Idhayam Murali was distributed by Red Giant Movies in Tamil Nadu. Mythri Movie Makers acquired the film's theatrical rights for Andhra Pradesh and Telangana. The distribution rights were acquired by Bhavana Release and Future RunUp Films in Kerala. The Karnataka distribution rights were acquired by Swagath Enterprises.

Phars Film acquired the overseas theatrical rights. The overseas distribution rights in United Kingdom and Europe were acquired by Boleyn Cinema and Ahimsa Entertainment. The distribution rights in Sri Lanka were acquired by SAS Plaza. The Malaysia distribution rights were acquired by Malik Streams Corporation. The theatrical rights in the Canada were acquired by York Cinemas. The distribution rights in Australia, New Zealand and Singapore were acquired by Home Screen Entertainment. The distribution rights in United States were acquired by Prime Media.

=== Home Media ===
The post-theatrical digital streaming rights were acquired by Netflix.

== Reception ==
Bhuvanesh Chandar of The Hindu said that "While the film understands the feeling of unrequited love, it never builds the emotional depth needed to make those moments linger.

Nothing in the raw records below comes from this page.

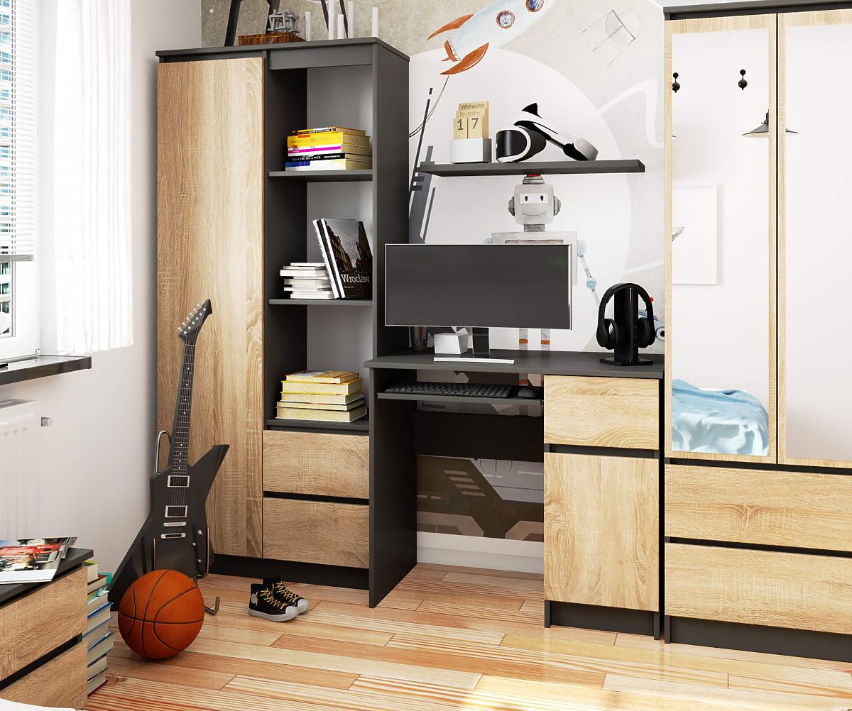 La scrivania indipendente PIKSEL 90 cm nei colori GRAFITE GRIGIO/ROVERE SONOMA è la soluzione ideale per piccoli interni. Funziona molto bene come scrivania scolastica o per computer. La sua costruzione ergonomica garantisce comfort durante l'uso. La scrivania è dotata di un ripiano estraibile per la tastiera, un pratico cassetto laterale e un armadietto con ripiano, dove possono essere posizionati liberamente raccoglitori e libri. Per la realizzazione della scrivania è stato utilizzato un piano opaco piacevole al tatto e facile da mantenere, rivestito con uno strato resistente di laminato. Il tutto è completato da pratiche maniglie color argento.
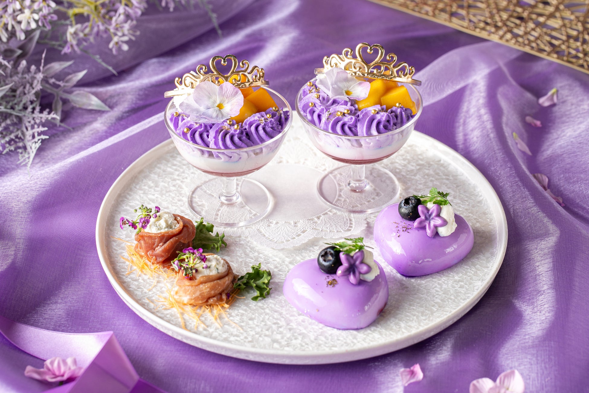 パープルとラベンダーカラーで彩られた華やかなスイーツには、エルダーフラワーやラベンダー、ハスカップやブルーベリーを使用し夏らしく爽やかな風味のスイーツをお召しあがりいただけます。
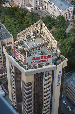 Очень часто из-за стекла фотография получается с нежелательными артефактами, но что поделать, через щелку между стеклянным ограждением и зданием снимать не вариант.

Idhayam's Murali, a poet at heart, had a song do it for him, but Idhayam Murali needed more." Janani K. of the India Today rated the film 2.5/5 and remarked that "Manoj Paramahamsa's cinematography is one of Idhayam Murali's genuine pleasures. Idhayam Murali is fun when it doesn't take itself seriously. The moment it veers into its story, it exposes its problems rather than playing to its strengths."

Prashanth Vallavan of Cinema Express rated the film 3/5 and said wrote "If Idhayam (1991) was all about showing the pathos of an anxious yearner, Idhayam Murali is a rose-tinted fantasy. Idhayam Murali isn't perfect, but aren't fairytale love stories more about the “happily ever after” than the messy dragon-infested road they took to get there?" Latha Srinivasan of NDTV gave the film 3/5 and wrote that it is a "somewhat satisfying romance that thrives on nostalgia, delivering a breezy, feel-good watch even if it doesn't always strike a deep emotional chord".